▶ Data segment:
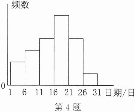 4. 某市教育局在各中学进行了论文的评比,论文的交稿时间为5月1日至30日,评委会把各中学交的论文的篇数按5天一组分组统计,绘制成如图所示的频数分布直方图(每组含前一个边界值,不含后一个边界值)。从左往右各小长方形的高的比为2:3:4:6:4:1,第二组的频数为18。
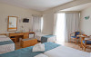 Avand deschidere spre un balcon cu vedere la piscină sau la uscat, toate camerele de la Kissos sunt dotate cu aer condiționat. Fiecare oferă TV cu canale prin satelit și un uscător de păr. Unele camere sunt construite de-a lungul piscinei in formă de lagună.
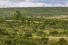 - (geography) forest tundra (transitional zone between the taiga and tundra)

▶ The problem:
Restate the entire listing word for word, excluding pictures.

▶ Task output:
 4. 某市教育局在各中学进行了论文的评比,论文的交稿时间为5月1日至30日,评委会把各中学交的论文的篇数按5天一组分组统计,绘制成如图所示的频数分布直方图(每组含前一个边界值,不含后一个边界值)。从左往右各小长方形的高的比为2:3:4:6:4:1,第二组的频数为18。
 Avand deschidere spre un balcon cu vedere la piscină sau la uscat, toate camerele de la Kissos sunt dotate cu aer condiționat. Fiecare oferă TV cu canale prin satelit și un uscător de păr. Unele camere sunt construite de-a lungul piscinei in formă de lagună.
 - (geography) forest tundra (transitional zone between the taiga and tundra)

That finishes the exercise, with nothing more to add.